Patriot Day
by MaryAlice Bitts-Jackson; video by Joe O'Neill
Each year on Sept. 11, Americans are called to remember those who died during the 2001 attacks in New York City and Washington, D.C., and those killed in flight 93, brought down in Pennsylvania by passengers thwarting yet another attack. At Dickinson, we mark the anniversary of those tragic events with a Patriot Day service that brings students, faculty and administrators together with members of the local community to recall and reflect.
To honor the nearly 3,000 people who lost their lives during the 2001 attacks, Dickinson’s ROTC color guard lowered the flag on the Benjamin Rush campus, and President Nancy A. Roseman and Lori van Handel laid a wreath at the base of the flagpole.
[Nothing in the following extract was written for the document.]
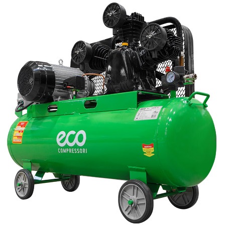 Компрессор поршневой клино-ременной, масляный, с 3-цилиндровой W-образной помпой.

Donald Roeder, a local bugler and veteran, played the traditional military song “Taps." Donna Hughes, director of the Center for Service, Spirituality and Social Justice, delivered a nondenominational prayer that focused on the palpable sense of unity among Americans in the aftermath of 9/11.
That message struck a chord with Brian Reid ’17, a double major in mathematics and music and member of the Blue Mountain Battalion ROTC. “It’s vital that we use this [ceremony] to unify as a nation, as a college,” he said.